Хозяйка, конечно же, была дома. Она сидела на диване в гостиной, изучала какие-то документы и не подняла головы, когда Влад вошел в комнату. Все неясные и глупые надежды, которые, как оказалось, еще теплились в душе, разбились о ее равнодушие, а сознание захлестнула новая волна горечи, помешанная на унизительном страхе. И успокоившаяся было ненависть, вспыхнула с новой силой. Он независимо и гордо вскинул голову прошел в свою комнату и тихо прикрыл за собой дверь.
Рассеяно оглядев помещение, с разочарованием убедился, что все как всегда и на своих местах. Ему было бы легче, окажись привычные вещи исчезнувшими, без них помещение станет таким же чужим и безликим, как год назад. Тогда было бы не так больно от предстоящей продажи. Влад закинул голову и приткнулся затылком к холоду металлической двери. Жить совсем не хотелось…
Я перевела дух и откинула голову на мягкую спинку любимого дивана, давая шее отдохнуть. Из ослабших пальцев с тихим шорохом вылетел список документов, продиктованный нотариусом, которые я должна предоставить вместе с заявкой на освобождение движимого имущества. Следуя этому списку, мне нужно принести в контору свидетельство о том, что освобожденному рабу будет гарантирована жилая площадь, небольшой счет в местном банке, медицинская карточка, карточка прививок, свидетельство о том, что ему без проблем оформят паспорт свободного гражданина освоенных миров и чек об уплате налога на освобождение. Все правильно. Иначе получается, что я выставляю человека на улицу голым и босым и он, непременно, пополнит ряды, хоть и свободных граждан, но бомжей и бандитов. Все правильно, кроме налога на освобождение, составляющего триста кредов. Триста! Это же с ума сойти! Да он при покупке обошелся мне ровно в двадцать раз дешевле! Это мне еще повезло, что я не стеснена в средствах и вполне в состоянии оплатить грабительский налог. Впрочем, чего только не сделаешь ради собственного спокойствия!

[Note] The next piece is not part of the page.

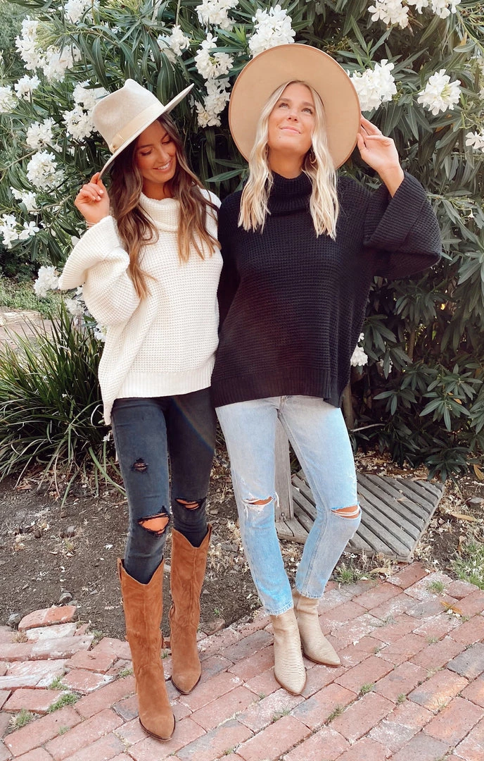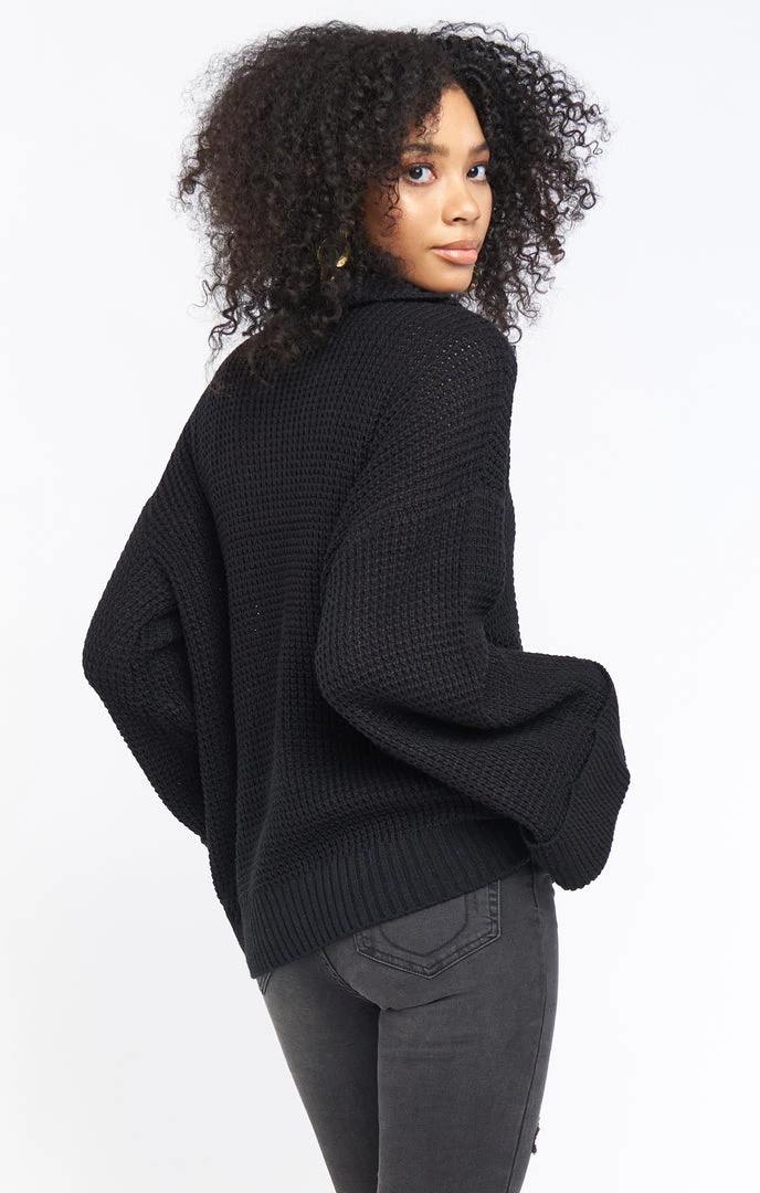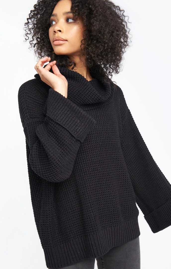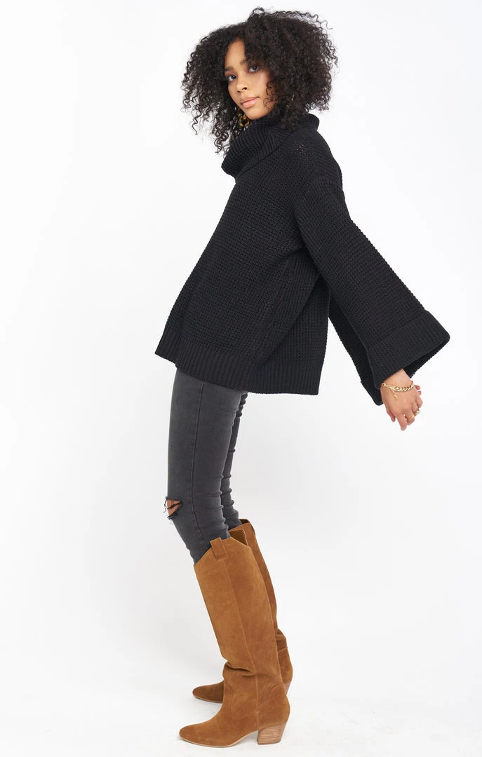 This oversized black turtleneck sweater is a cool weather must have. Cuffed sleeves are slightly belled and the turtleneck has a slouch to it for max comfort while still looking chic.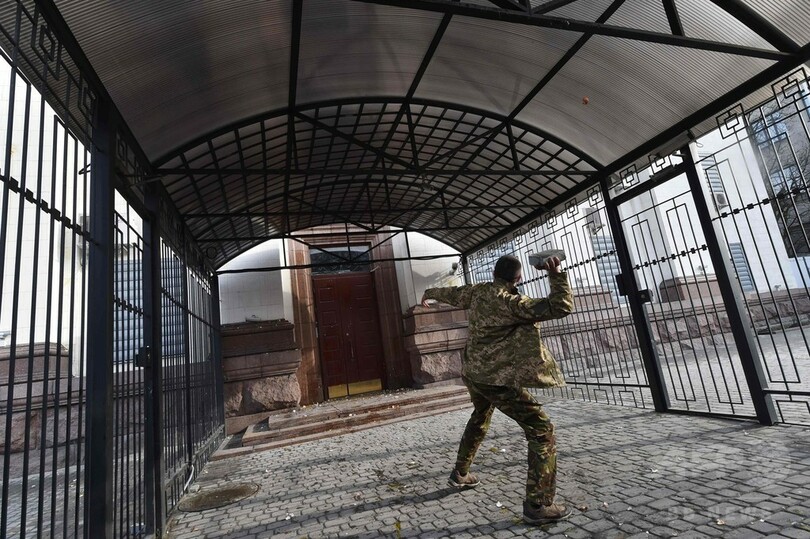 ロシア大使館をデモ隊が襲撃、ウクライナ軍パイロットの釈放要求

Но с другой стороны, законодательства галактиона делает все возможное, чтобы рабов не освобождали. При покупке от вас не требуют ничего и вы можете поступать со своим движимым имуществом (это Влад-то имущество!? С его обидами и гордостью? Смешно и неудобно!), как вам заблагорассудиться. Вы можете забить его до смерти, содрать с живого шкуру и повесить над своей кроватью вместо ковра, заставить корчиться у ног от боли и унижения и за это ничего никому не будет. А если вы, Боже избави, решили освободить своего раба, законодательство тут же выдаст вот такой список и сдерет с бывшего хозяина умопомрачительный налог! Поэтому никто и не освобождает рабов по собственной воле, только в случае крайней необходимости. Вот как у меня, к примеру.
Я сердито сложила список и сунула в нагрудный карман. Может податься в парламент галактиона? Стать парламентарием, или как там они называются, пролезть в законодательное собрание и переделать всю прогнившую систему к такой-то матери? Тьфу, черт, какая глупость с утра пораньше в голову лезет! Какое к такой-то матери собрание!? У меня дел невпроворот! До семи часов нужно собрать все бумажки и связаться с герцогским семейством, еще неизвестно захотят ли они принять блудного сына в свои чертоги или лоно, а может логово?
Приготовив завтрак на двоих, быстро проглотила свою порцию, а еду для Влада оставила на столе, не сомневаясь, что как только выйду за порог, он пойдет промышлять по кухне. Не завтракал, небось. Допивая кофе, посмотрела на часы, половина десятого. Что ж, время пошло. И осталось у меня его всего ничего — девять с половиной часов.